Boolean Algebra of Hypothesis Tests

library(hypothesize)

The Idea

What if hypothesis tests formed an algebra?

In SICP terms, we want three things: primitive expressions (the tests themselves), means of combination (ways to build compound tests from simpler ones), and means of abstraction (ways to transform and generalize tests). The hypothesize package provides all three, and in v0.11.0, the combinators form a genuine Boolean algebra.

This vignette develops the algebra from first principles.

The Trinity: Three Ways to Test a Hypothesis

Statistical theory gives us three fundamental likelihood-based tests.
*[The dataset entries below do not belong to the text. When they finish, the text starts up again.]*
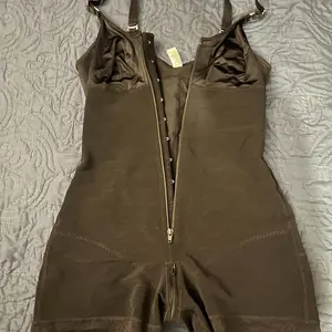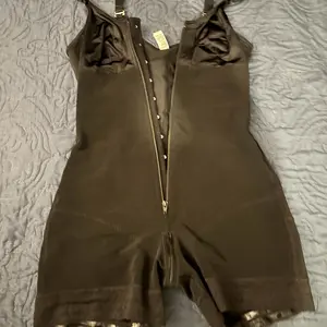 I love the material it's snug my body giving great compression to the abdominal, there's a row of hooks and a zipper to give you a smooth look. The opening in the middle is perfect for using the restroom. Non slip material around the thighs. I even look like I have a BBL. Ladies I highly recommend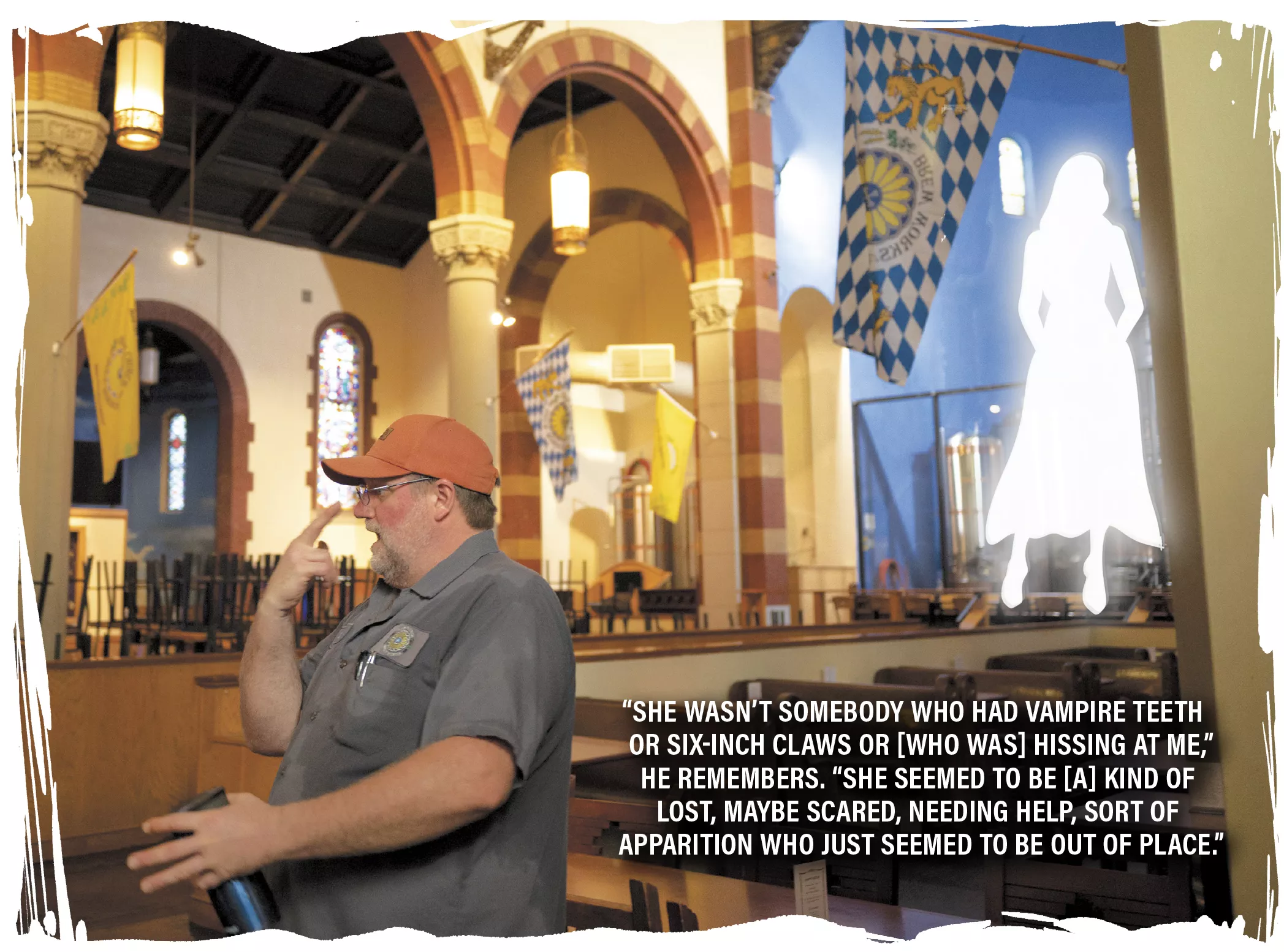 Another peculiarity was that only he could see the ghost, even though she appeared in the busiest parts of the restaurant. She manifested at a table along the apse at the front of the church and behind the altar where there are visible brew tanks.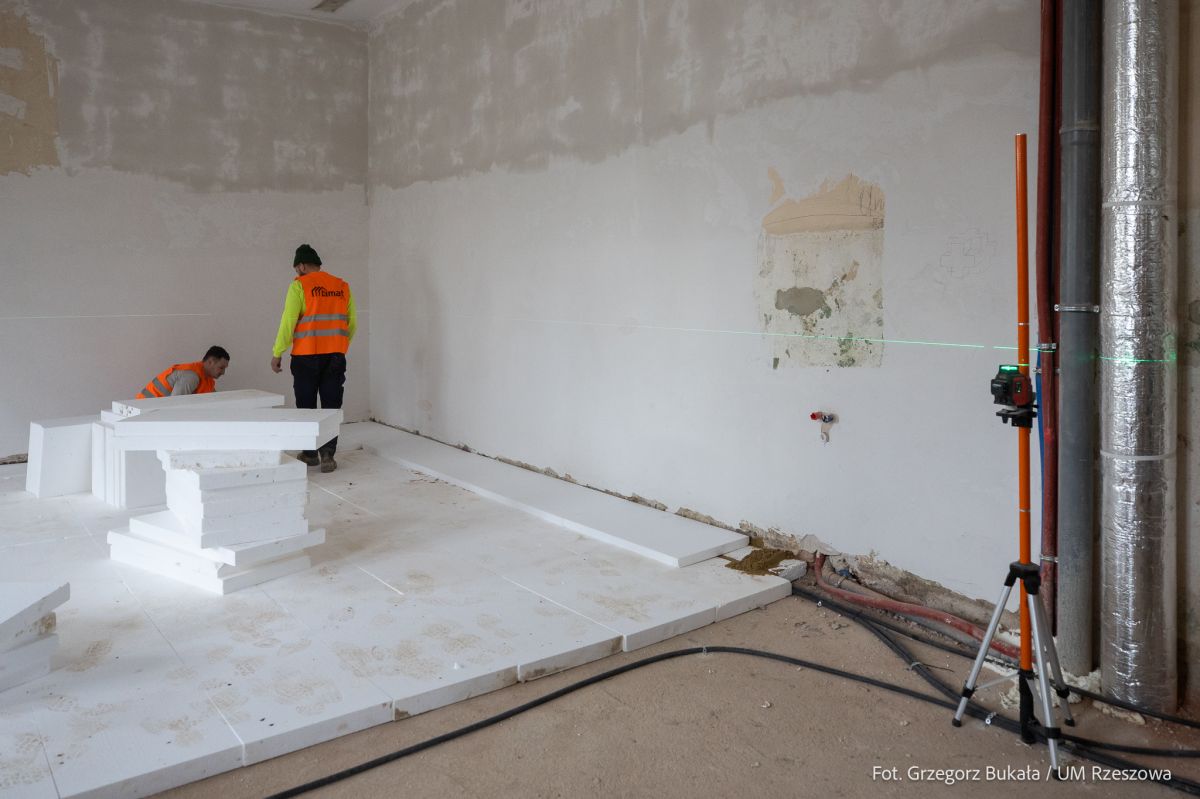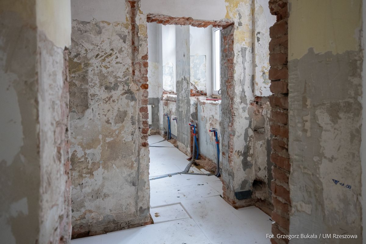 Prace już trwają. Wykonawca zakończył już roboty rozbiórkowe w skrzydle A. Prowadzone są prace przy instalacji centralnego ogrzewania, wodno-kanalizacyjnej i elektrycznej oraz przy odtwarzaniu tynków. Inwestycja zakończy się w tym roku.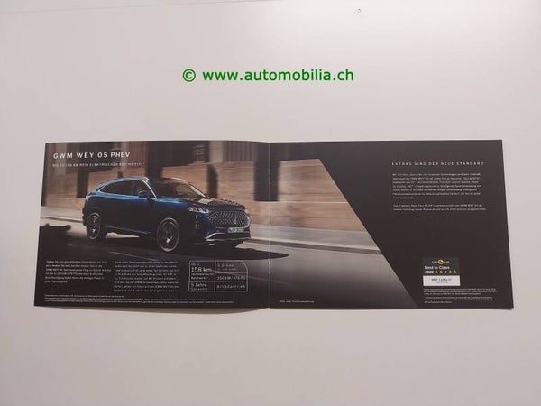Sichern Sie sich die offizielle Werbebroschüre des neuen GWM Wey 05 – einem der aktuell spannendsten SUV-Modelle der chinesischen Premiummarke Wey (GWM). Diese 8-seitige, deutschsprachige Broschüre bietet hochwertige Informationen zu Design, Technik und Ausstattung des Wey 05 und ist ein absolutes Muss für Sammler, Händler und Automobil-Enthusiasten.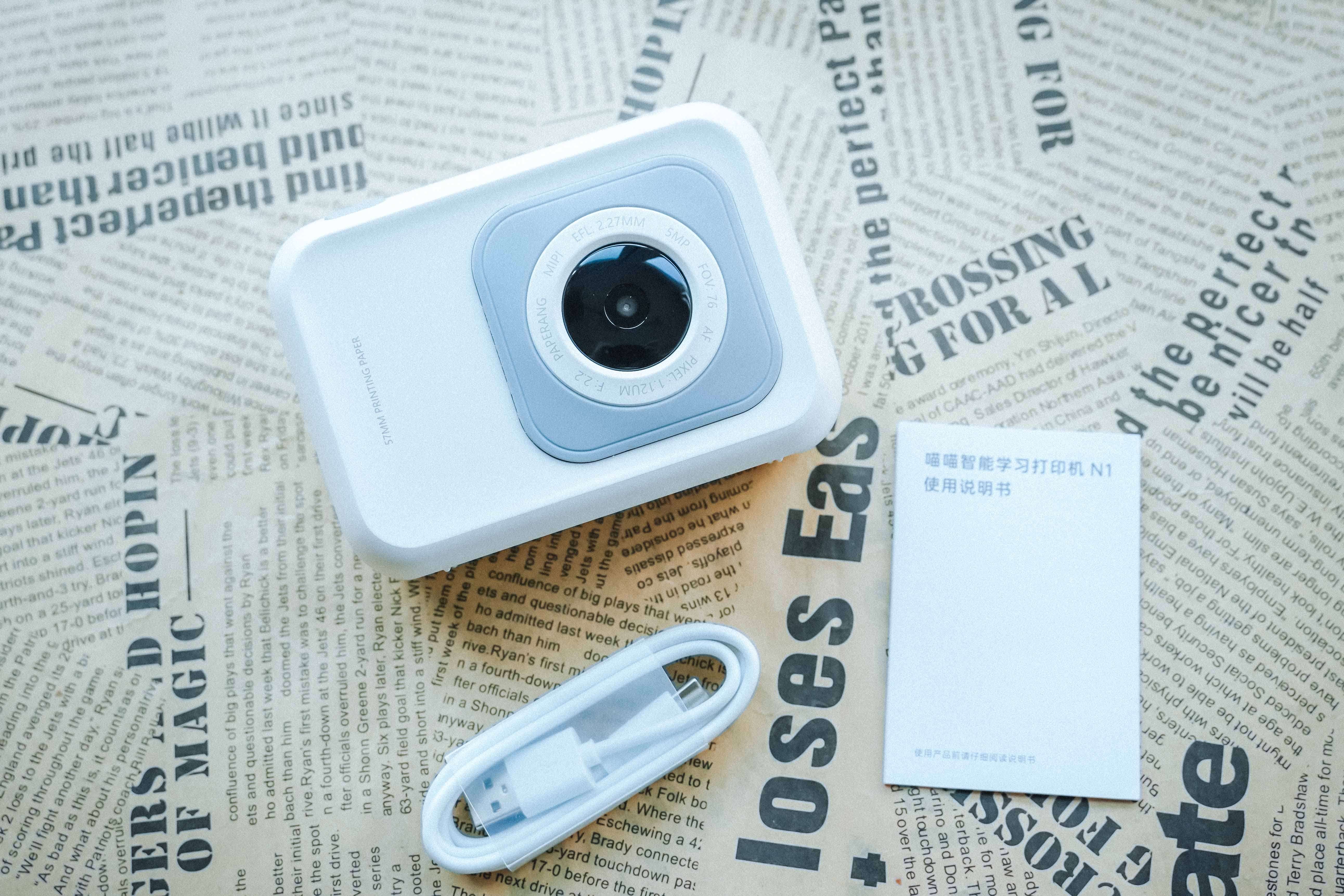打开包装后,除了喵喵机N1本体外,还有一份说明书和USB-C电源线,虽然没有附赠充电头,但使用手机或其他数码产品的充电头也能给N1充电。

They approach the same question from different angles and are asymptotically equivalent, but each requires different information:

Test What it needs When to use
Wald MLE + standard error You already fit the full model
LRT Log-likelihoods of both models You can fit both models
Score Score + Fisher info at null only The null model is cheap, the alternative is expensive

The score test completes the trinity:

# Setup: testing whether a Poisson rate equals 5
# Observed: 60 events in 10 time units
# MLE: lambda_hat = 6, se = sqrt(6/10)

# Wald: evaluate at the MLE
w <- wald_test(estimate = 6, se = sqrt(6/10), null_value = 5)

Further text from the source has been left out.